Verses 1-11
IV. PENTECOSTAL CHURCH UNFOLDING IN PENAL POWER.
1. Ananias and Sapphira , Acts 5:1-11 .
The Spirit of light and love dwelling in this Pentecostal Church is also the Spirit of judgment. And, as the Spirit has now shown its power of love, so in this Church is the very place to show how severe its absolute standard of judgment is. And this is now done in the case of Ananias and Sapphira.
Their offence, according to the average standard of human morality, was not a very heinous one. In performing a large act of charity they had not defrauded anybody of a penny. They had simply retained a part of their own money and then denied the fact. Should a tradesman at the present day, for the sake of an undue credit for liberality, pretend to have donated half his income when he had given only a quarter, it would simply be esteemed a disreputable prevarication, but not sufficiently criminal to be amenable to human law. To worldly men, therefore, the fate of these two persons will ever seem to be unreasonably severe. We reject all naturalistic solutions, such as maintain that the deaths were not miraculous, but the natural effects of terror. Nor is any solution obtained by subdividing the sin into various parts, as some commentators have done, and showing to how many sins it amounted. Nor can any person probably be satisfied unless he can see the validity of the following considerations:
1 . The Divine Spirit being present with unparalleled power in the Church, the sin, as Peter says, (Acts 5:3-4,) is directly against Him. The sinner comes directly in contact with the pure Absolute, and is tried and executed by the absolute Purity and Law. Now the wonder is, when we realize that Presence, not that any one should be struck dead, but that any one, even the holiest of infirm mortals, should for a moment live. And this is a complete answer so far as any absolute injustice is concerned. Yet the question still remains, Why were these two selected as instances of absolute justice? It is, then, not a question of right or wrong, but of divine propriety. The question is not, Was this dispensation just? for of that there is no doubt; but it is, Why was this particular justice inflicted?

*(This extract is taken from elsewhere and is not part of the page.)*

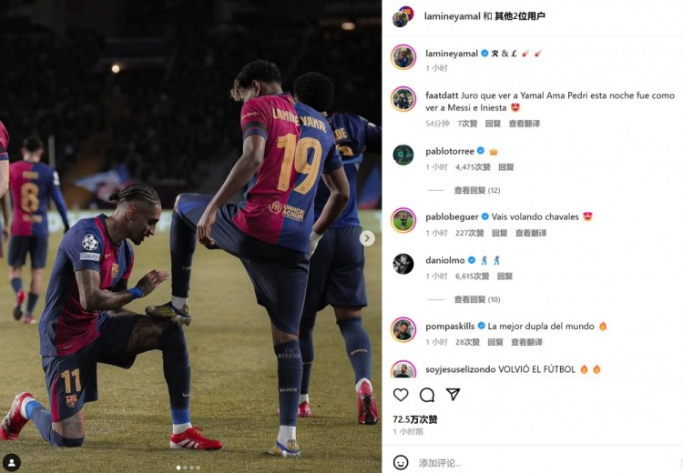 起飛!巴薩兩大邊鋒社媒互動,同時曬出拉菲尼亞為亞馬爾擦鞋照
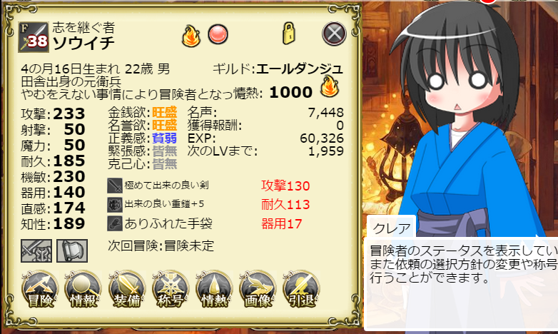 ソウイチ(ファイターLv38)はエネロからの継承。

2 . The reason for this selection was to present and record at this beginning of the Christian Church a representative and memorial instance of the just doom of the hypocrite. The first Sabbath-breaker; and Achan, the appropriator of a Babylonish garment on the first entrance into Canaan; and Nadab and Abihu at the first founding of the priesthood, were punished with death at a beginning, with absolute justice. This was, in each case, a primordial token, and a declaration to all the future, what, if inflicted with exactness, the true deserts and punishments of the transgressor are. Such inflictions are at start the divine protest against the conclusion that God’s future forbearance towards sin is any contradiction of the fatal desert of sin. They are examples hung up at the commencement, once for all, that the wages of sin is death, a death which it is God’s right at any moment to inflict. Now this present couple were at any rate deliberate, positive, conceited, and intentionally permanent hypocrites. Their death was God’s declaration to all future ages of the true deserts of all deliberate hypocrites in the Church of Christ.
This special punishment was not meted out, therefore, from the fact that these two were sinners above all others. Worse sinners, both in the apostolic and later Church, have lived and died naturally. Simon Magus was a far viler sinner, yet underwent a far milder penalty before this same apostle.
3 . Peter’s share in the matter is not that of an originator or proper author of the death of the two sinners, but of a divinely required agent of God. By the extraordinary charism of the discerning of spirits he knows their secret sin; by the inspiration of the indwelling Spirit he knows their doom; by the impulsive command of God he pronounces it. Of the sentence the omnipotent God, is the executioner.
4 . Romanists maintain that the act was simply a deed of excommunication performed by Peter, and of the same nature as the destruction of the flesh specified by Paul in 1 Corinthians 5:5. And on this Romanism and her Pope have based that terrible right of excommunication before which kings and nations once trembled, by which the fiery and bloody Inquisition was established, and dissenters from Popery, by thousands, have been cruelly murdered. Yet it is no doubt true that apostles were sometimes the required agents of divine infliction, and that St. Paul’s words describe a case like this of Ananias. And thence, after all, we deduce the consoling view that this display of wrath was an infinite mercy. It probably was the destruction of the flesh that the spirit may be saved in the day of the Lord Jesus, 1 Corinthians 5:5. We do not, therefore, recognise this as a case of the sin against the Holy Ghost. For not every insult to the Spirit is recognised by the Holy Ghost as the blasphemy against itself. (See note on Matthew 12:32.)